Interest rates under the new senior secured credit agreement are, at our option, equal to either an alternate base rate or the Eurocurrency base rate, plus a specified margin. At the closing date, the interest rate on borrowings under the new senior secured credit agreement was 2.15%.
We intend to fund our ongoing operations with cash on hand, cash generated by operations and borrowings under our new senior secured credit agreement. As of March 29, 2014, approximately 28% of our cash and cash equivalents were held by foreign subsidiaries. There were no significant restrictions on our ability to transfer funds with and among subsidiaries. During the three months ended March 29, 2014, we repatriated foreign earnings of approximately $55.1 million related to the sale of the Microporous business. Except for the proceeds from the sale of Microporous business, our intent is to indefinitely reinvest earnings of our foreign operations and our current operating plans do not demonstrate a need to repatriate foreign earnings to fund our U.S. operations. However, if these funds were needed for our operations in the U.S., we would be required to accrue and pay any applicable U.S. and local taxes to repatriate these funds.
At March 29, 2014, we were in compliance with the debt covenants under our previous senior secured credit agreement. Adjusted EBITDA, as defined under our new senior secured credit agreement, would have been as follows at March 29, 2014:
(in millions) |
| Twelve Months Ended |
| |
Net income |
| $ | 36.2 |
|
Add/Subtract: |
|
|
| |
Depreciation and amortization expense |
| 54.8 |
| |
Interest expense, net |
| 39.3 |
| |
Income taxes |
| 15.5 |
| |
Stock-based compensation |
| 21.6 |
| |
Foreign currency loss |
| 0.4 |
| |
Loss on disposal of property, plant and equipment |
| 1.2 |
| |
Litigation costs associated with patent enforcement |
| 3.2 |
| |
Other non-cash or non-recurring items |
| (1.0 | ) | |
Adjusted EBITDA |
| $ | 171.2 |
|
Under our new senior secured credit agreement, we are required to maintain a maximum ratio of indebtedness to adjusted EBITDA of 4.25 to 1.00 and a minimum ratio of adjusted EBITDA to cash interest expense of 3.00 to 1.00. The first financial covenant compliance measurement date under our new senior secured credit agreement is June 28, 2014.

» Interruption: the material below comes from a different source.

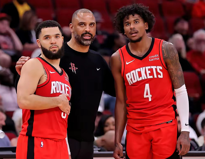 火箭队3-4轰然出局,球队年轻人们的表现、评价和境遇却有着天壤之别!申京作为火箭队内唯一一位全明星球员,他在这轮系列赛中场均出战36.6分钟,场均贡献20.9分+11.9篮板+5.3助攻+1.9抢断,命中率为45%,罚球命中率为62.5%。据统计,申京是NBA历史上第二位在生涯首个系列赛场均至少砍下20分+10篮板+5助攻的球员,比肩约基奇!申京确实有着约基奇一样的全能身手,但不可否认的是,跟约基奇相比,申京的射程、罚球都有点惨不忍睹!赛后,申京坦言:我在进攻端有些挣扎,这将是我休赛期努力训练的方向,我会在下赛季表现更好。

Our new senior secured credit agreement contains certain restrictive covenants which, among other things, limit the incurrence of additional indebtedness, investments, dividends, transactions with affiliates, asset sales, acquisitions, mergers and consolidations, prepayments of other indebtedness, liens and encumbrances, and other matters customarily restricted in such agreements. The agreement also contains certain customary events of default, subject to grace periods, as appropriate.
Future debt service payments are expected to be paid out of cash flows from operations, borrowings on our revolving credit facility and future refinancing of our debt. Our cash interest requirements for the next twelve months are estimated to be $24.5 million, including $13.2 million of interest related to the 7.5% senior notes that were redeemed on May 8, 2014.
We believe we have sufficient liquidity to meet our cash requirements over both the short (next twelve months) and long term (in relation to our debt service requirements). In evaluating the sufficiency of our liquidity, we considered cash on hand, expected cash flow to be generated from operations and available borrowings under our senior secured credit agreement compared to our anticipated cash requirements for debt service, working capital, cash taxes, capital expenditures and funding requirements for long-term liabilities. We anticipate that our cash on hand and operating cash flow, together with borrowings
under the revolving credit facility, will be sufficient to meet our anticipated future operating expenses, capital expenditures and debt service obligations as they become due for at least the next twelve months. However, our ability to make scheduled payments of principal, to pay interest on or to refinance our indebtedness and to satisfy our other debt obligations will depend upon our future operating performance, which will be affected by general economic, financial, competitive, legislative, regulatory, business and other factors beyond our control. See the “Risk Factors” section in our most recent Annual Report on Form 10-K.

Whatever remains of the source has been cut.